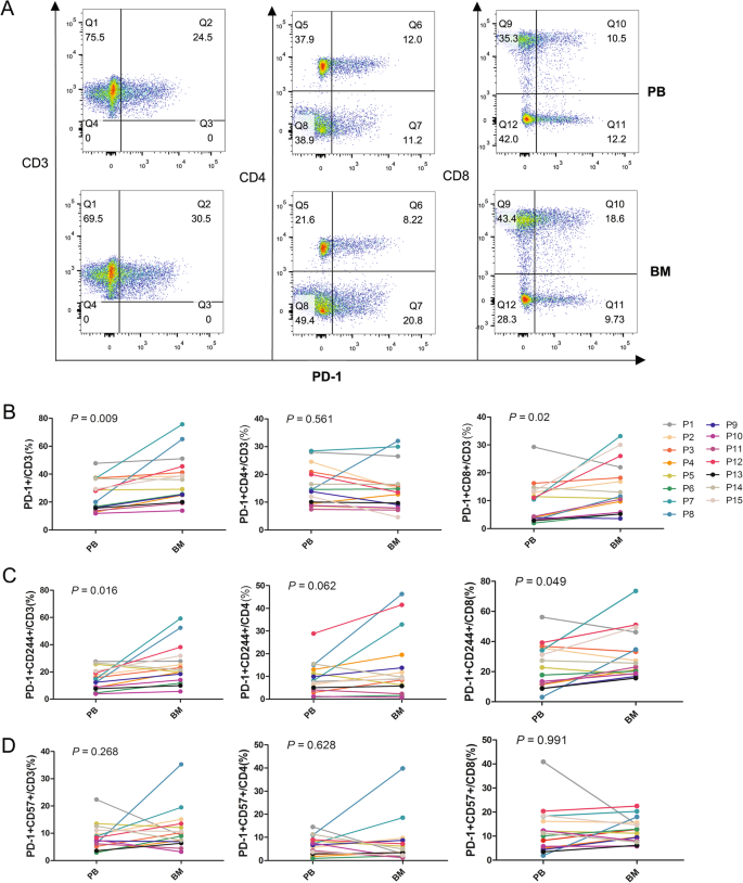 图1 AML患者外周血与骨髓中PD-1+T细胞的分布差异(A:流式检测结果;B-D:各亚群比例对比)
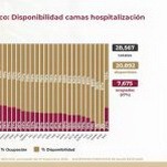 A nivel nacional, 73% de camas de hospitalización general están disponibles y 27% ocupadas. En camas con ventiladores, 77% están disponibles y 23% ocupadas.
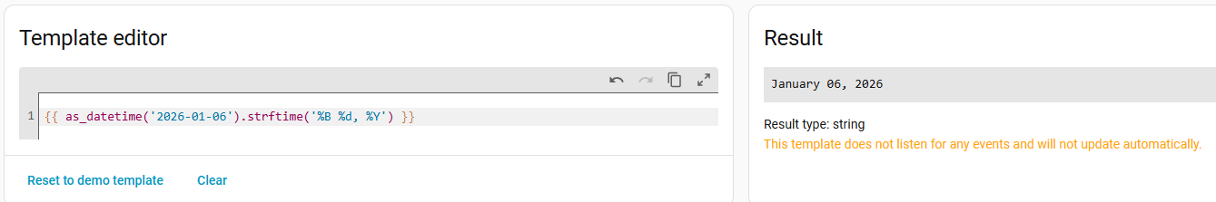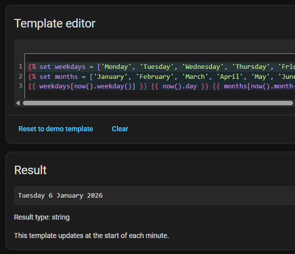 state: "{% set weekdays = ['Lunedì', 'Martedì', 'Mercoledì', 'Giovedì', 'Venerdì', 'Sabato', 'Domenica'] %}{% set months = ['Gennaio', 'Febbraio', 'Marzo', 'Aprile', 'Maggio', 'Giugno', 'Luglio', 'Agosto', 'Settembre', 'Ottobre', 'Novembre', 'Dicembre'] %}{{states('sensor.time')}} {{weekdays[now().weekday()]}} {{now().day}} {{months[now().month-1]}} {{now().year}}"

--- Required work ---
Repeat the listing above up to and including the line with "A nivel nacional, 73%", starting from its first line. Drop any pictures.

--- Completed task ---
 图1 AML患者外周血与骨髓中PD-1+T细胞的分布差异(A:流式检测结果;B-D:各亚群比例对比)
 A nivel nacional, 73% de camas de hospitalización general están disponibles y 27% ocupadas. En camas con ventiladores, 77% están disponibles y 23% ocupadas.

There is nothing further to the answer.